# New 932m Just Arrived



## dclevinger (Aug 7, 2015)

UPS Freight just dropped it off. I have dealt with a good number of drivers and this guy was outstanding.
Everything is un-crated and waiting on an engine hoist.

Can't wait to get it up and running so I can knock out more custom pistol work!! Will post pics once I am able to start cutting.

David


----------



## roadie33 (Aug 7, 2015)

Congrats on the new Mill.
Pics of crates are also accepted on here.


----------



## brino (Aug 7, 2015)

Congratulations! 

We know what you'll be doing this weekend.

-brino


----------



## zmotorsports (Aug 7, 2015)

Congrats.  Now let's see some pics.

Mike.


----------



## 65BAJA (Aug 7, 2015)

Congratulations! I ordered the same mill. Mine still shows out for delivery. Any second now.


----------



## brav65 (Aug 7, 2015)

Congrats on the new mill pending photographic confirmation!


----------



## dclevinger (Aug 7, 2015)

Here she is.


----------



## roadie33 (Aug 8, 2015)

Nice Mill.


----------



## dclevinger (Aug 9, 2015)

Got it leveled and trammed in last night. Should have the electrical done today.
It will be nice to not have to tram everything in for each job like I have been for the last few years on "time rental" machines that students use.
I think it may take a bit to get used to this machine as I have been using a B port copy for quite a while. So far it looks like the 932 will do exactly what I need it to with a smaller foot print, smaller price and an easier move at some point.


----------



## coolidge (Aug 9, 2015)

Congrats!


----------



## wrmiller (Aug 9, 2015)

dclevinger said:


> Got it leveled and trammed in last night. Should have the electrical done today.
> It will be nice to not have to tram everything in for each job like I have been for the last few years on "time rental" machines that students use.
> I think it may take a bit to get used to this machine as I have been using a B port copy for quite a while. So far it looks like the 932 will do exactly what I need it to with a smaller foot print, smaller price and an easier move at some point.

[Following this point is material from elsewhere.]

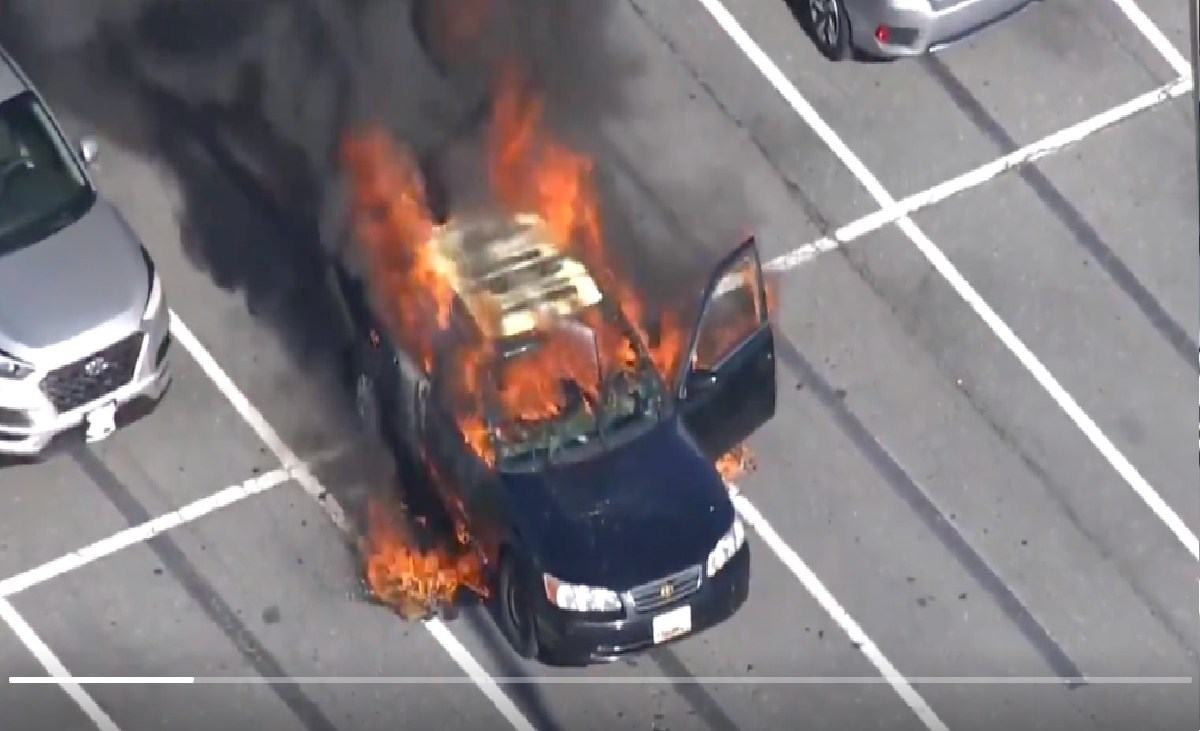En un aterrador video tomado desde un helicóptero de noticias muestra el vehículo ardiendo en un aparcamiento de Maryland mientras los bomberos se apresuran a apagar las llamas.

Bed mills take a bit of thinking to do some things, and you may need a tilting table or something for angles where you would normally nod the BP's head. Not a big deal really.


----------



## dclevinger (Aug 15, 2015)

Made a new drawbar last night since the original was cut off center and was binding up. Starting will small, simple jobs for now.
I have a bunch of sight dovetails to cut but want to play with the mill a bit more first. This one is cutting the bottom bevel on a Colt slide.
The quill dro came in very handy and I will be adding a full dro in the near future.


----------